◆ **DATA PROVIDED**:
=====

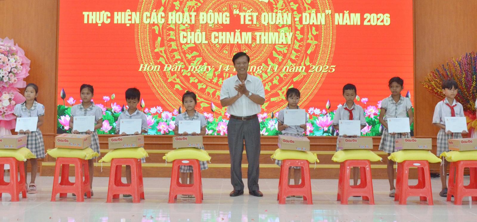 Sáng 14/11, tại xã Hòn Đất, Ban Chỉ đạo các hoạt động Tết Quân - Dân tỉnh An Giang tổ chức lễ xuất quân thực hiện các hoạt động Tết Quân - Dân năm 2026 Chôl Chnăm Thmây.
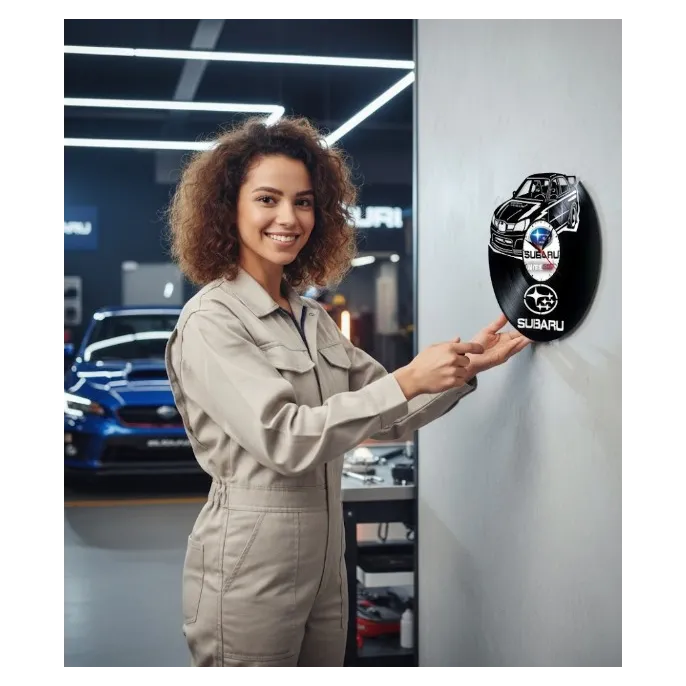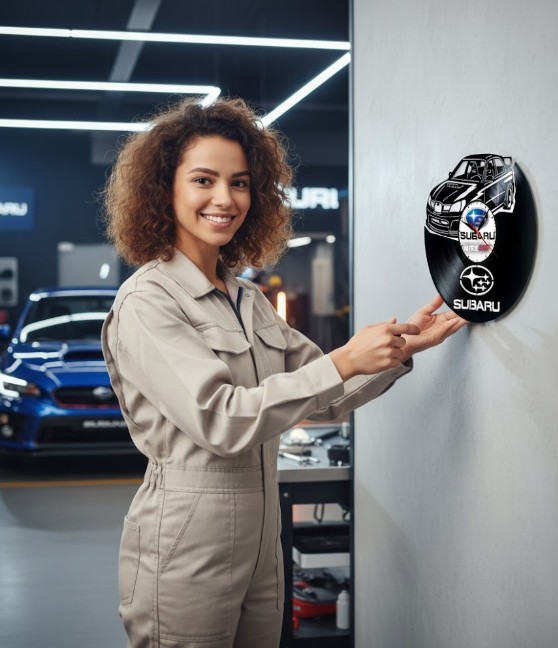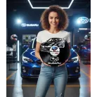 În centrul compoziției se află un cadran elegant care încorporează logo-ul oficial Subaru, cu emblematica stea albastră din constelația Pleiadelor și sigla WRX STI, simboluri recunoscute instantaneu de către entuziaștii mărcii. În partea inferioară a ceasului, logo-ul Subaru este redat la dimensiuni mai mari, completând perfect tema generală. Realizat manual cu o atenție deosebită la detalii tehnice și estetice, acest ceas reprezintă mult mai mult decât un instrument pentru măsurarea timpului - este o declarație de pasiune pentru ingineria japoneză și performanța auto. Perfect pentru garaje, ateliere mecanice, birouri sau orice spațiu care reflectă dragostea pentru mașinile sport.
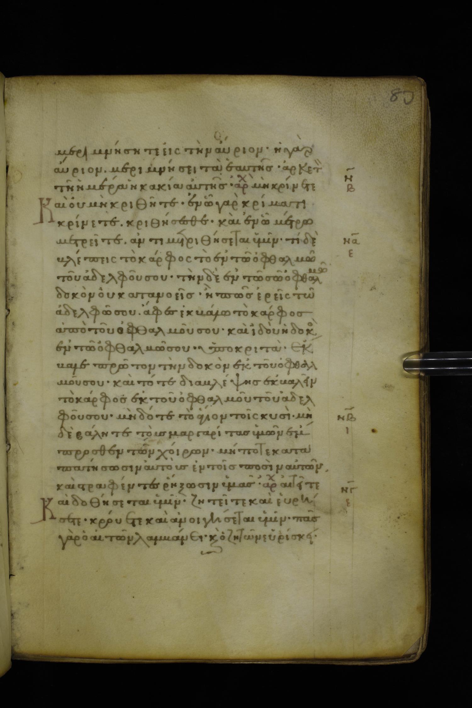 Fourteenth century minuscule of the Gospels on parchment; 282 leaves, 1 column, 22-23 lines per column. Images were taken at the National Library of Greece in Athens.
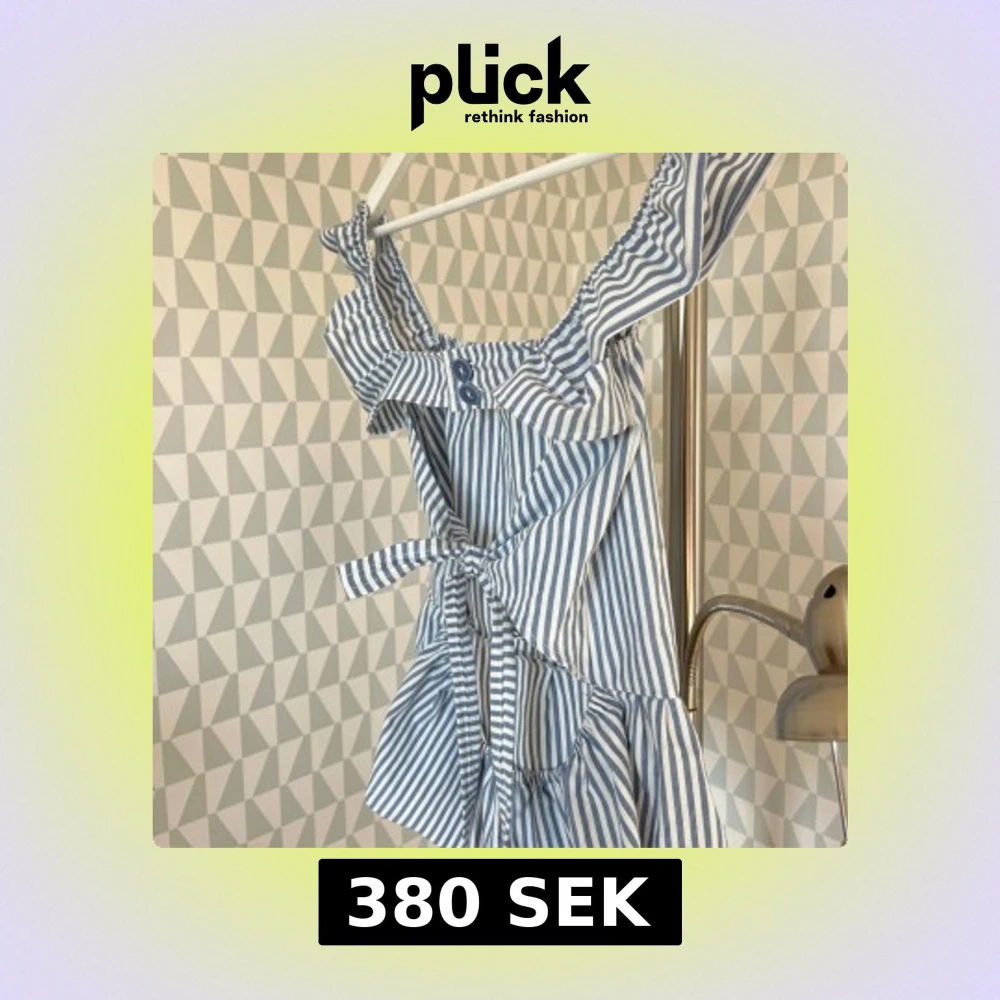 ljusblå randig somrig topp. knytning i ryggen och knappar ovanför:). Skulle säga att strl är XS/S. Möjligen M beroende på byst :) Har sytt den själv💞

=====

◆ **PROBLEM STATEMENT**:
Please retype the whole listing above exactly, without any of its images.

◆ **ANSWER FOR THIS EXERCISE**:
 Sáng 14/11, tại xã Hòn Đất, Ban Chỉ đạo các hoạt động Tết Quân - Dân tỉnh An Giang tổ chức lễ xuất quân thực hiện các hoạt động Tết Quân - Dân năm 2026 Chôl Chnăm Thmây.
 În centrul compoziției se află un cadran elegant care încorporează logo-ul oficial Subaru, cu emblematica stea albastră din constelația Pleiadelor și sigla WRX STI, simboluri recunoscute instantaneu de către entuziaștii mărcii. În partea inferioară a ceasului, logo-ul Subaru este redat la dimensiuni mai mari, completând perfect tema generală. Realizat manual cu o atenție deosebită la detalii tehnice și estetice, acest ceas reprezintă mult mai mult decât un instrument pentru măsurarea timpului - este o declarație de pasiune pentru ingineria japoneză și performanța auto. Perfect pentru garaje, ateliere mecanice, birouri sau orice spațiu care reflectă dragostea pentru mașinile sport.
 Fourteenth century minuscule of the Gospels on parchment; 282 leaves, 1 column, 22-23 lines per column. Images were taken at the National Library of Greece in Athens.
 ljusblå randig somrig topp. knytning i ryggen och knappar ovanför:). Skulle säga att strl är XS/S. Möjligen M beroende på byst :) Har sytt den själv💞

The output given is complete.